Rationale: Infection-related glomerulonephritis (IRGN) is an immune-mediated glomerulonephritis caused by extra-renal infectious diseases. There has been an important shift in epidemiology in recent years, with a significant proportion of adults affected. The incidence of IRGN is higher amongst Indigenous populations and especially in those with multiple comorbidities. Beginning in 2019, we observed several IRGN cases amongst adult Indigenous peoples referred to the McGill University Health Center (MUHC). The aim of this article is to describe the demographic, clinical, and outcome data of these individuals and highlight the heterogeneity of IRGN in this population through 2 illustrative cases.

Presenting concerns of the patient: In total, 8 cases of IRGN were identified between 2019 and 2022. All patients presented with features of acute glomerulonephritis.

Diagnoses: All patients had documented evidence of an infection that preceded their diagnosis of IRGN. IRGN was not the initial clinical diagnosis in all cases.

Interventions: Half the patients received immunosuppression while the others received supportive care only.

Outcomes: Four patients required initiation of hemodialysis at time of presentation and at 2 years of follow-up, 3 of the 4 remained hemodialysis-dependent.

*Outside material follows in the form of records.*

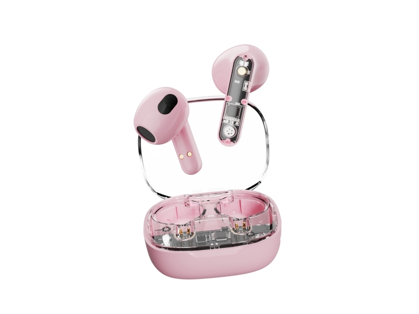 Streetz T150 Tws Earphones, Transparent Pink, Trådløs, 20 - 20000 Hz, Samtaler/Musikk, 37 G, Hodesett, Rosa
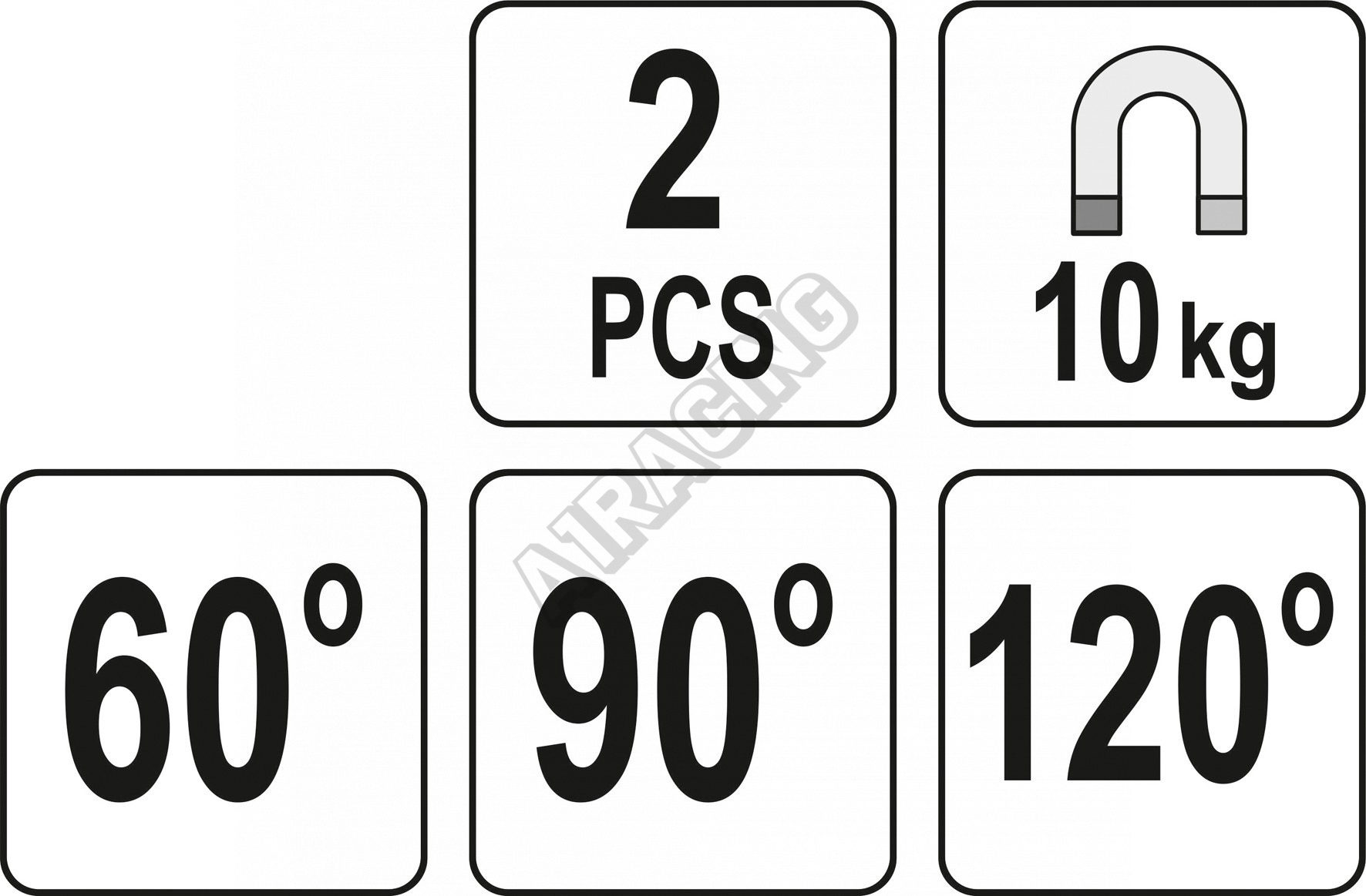 Sada 2 magnetických úhelníků používaných pro svařování a montáž různých prvků, např. plechů, upevňovacích prvků, plochých tyčí, profilů, trubek atd.
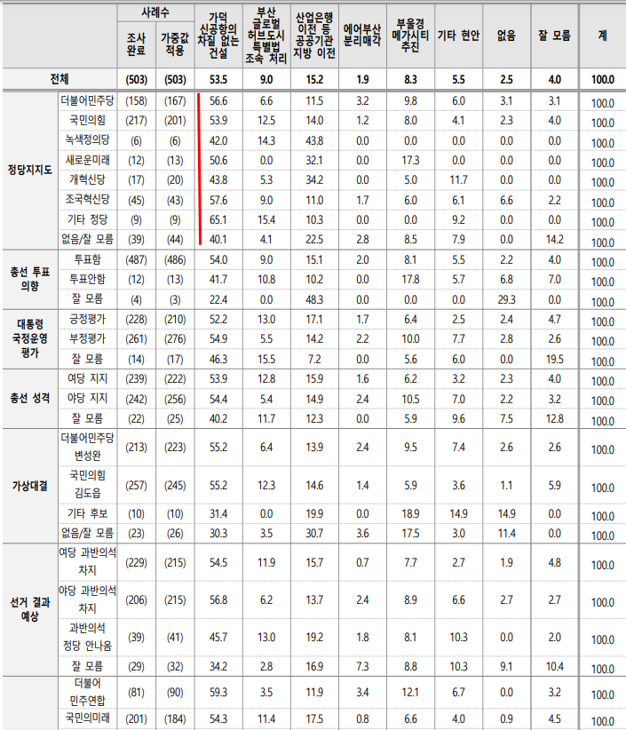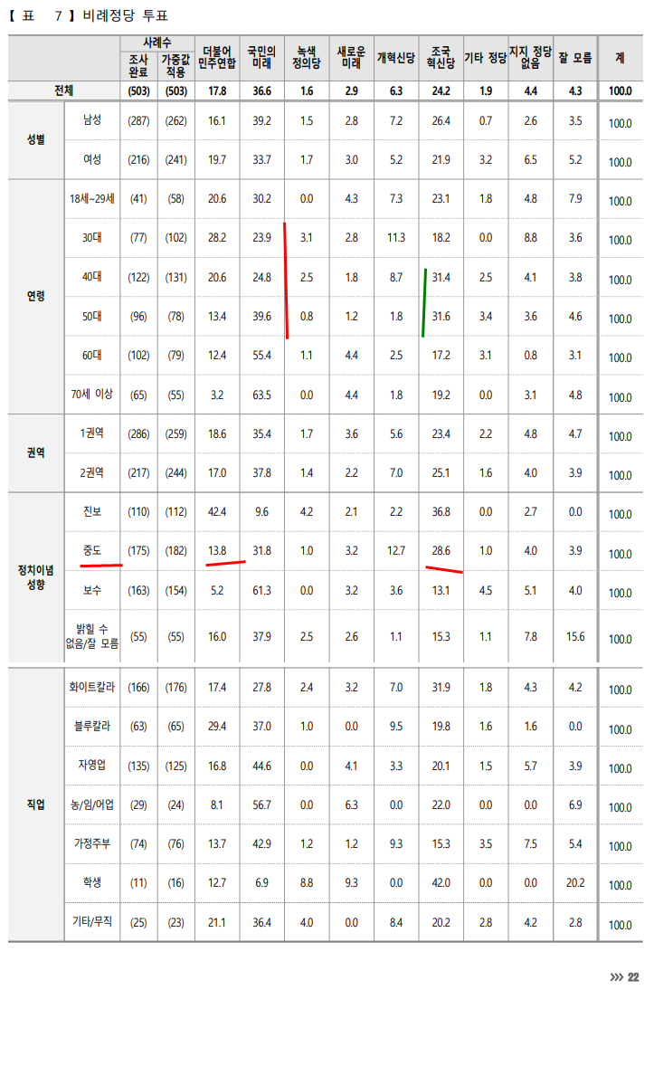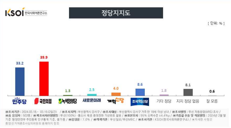 민주 33.2. 국힘 39.9, 녹색정의당 1.3, 새로운미래 2.5, 개혁신당 4, 조국혁신당 8.6, 없음 8.1
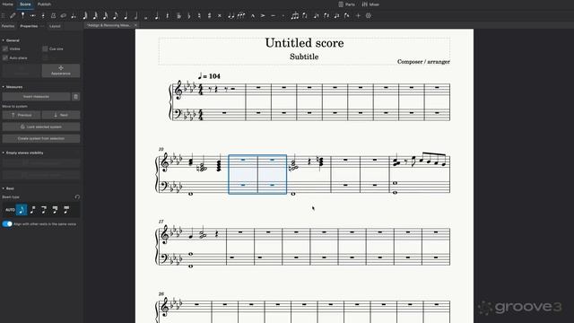 📁 Groove3 MuseScore Studio Explained 🎬 08. Inserting and Removing Measures See how to add or remove individual or multiple measures from either specified location, beginning, or end of score. Playlist: https://rutube.ru/plst/900000 #MuseScore | #Notation | #Composition | #Groove3
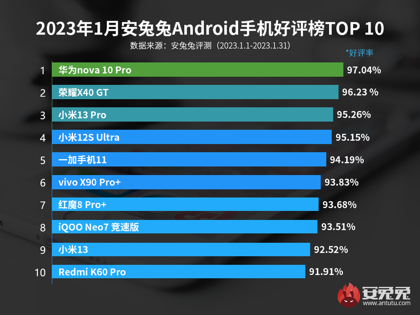 Der erste Platz ging an das Huawei nova 10 Pro und der zweite an das Honor X40 GT. Das Flaggschiff-Smartphone Xiaomi 13 Pro, das sich gegen das Xiaomi 12S Ultra durchsetzte, rundet die Top 3 ab. Das Debütmodell des Unternehmens mit einer Leica-Kamera landete auf Platz 4, das aktuelle OnePlus 11 auf Platz 5. Übrigens war das OnePlus 11 laut AnTuTu das leistungsstärkste Smartphone des Jahres 2023.
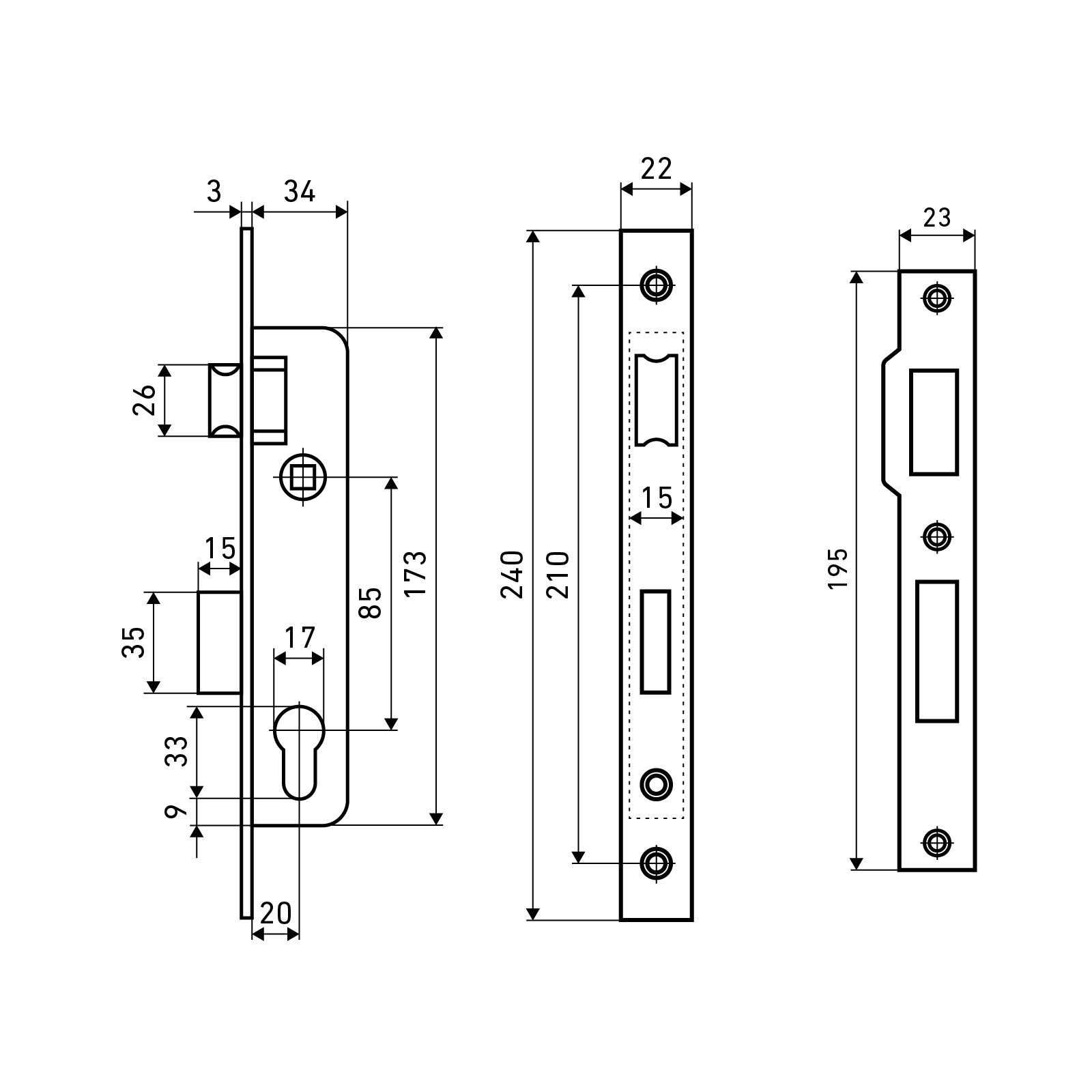 АЛЛЮР 7011-20 СР хром узкопроф с защ. б/мех.Замок врезной б/руч

Teaching points: Our case series emphasizes the heterogenous clinical, laboratory, and pathological presentations that make the diagnosis of IRGN quite challenging. A high index of suspicion should be present when a patient presents with acute kidney injury, features of a glomerulonephritis, and an infection, especially those with multiple comorbidities and a preceding history of chronic kidney disease.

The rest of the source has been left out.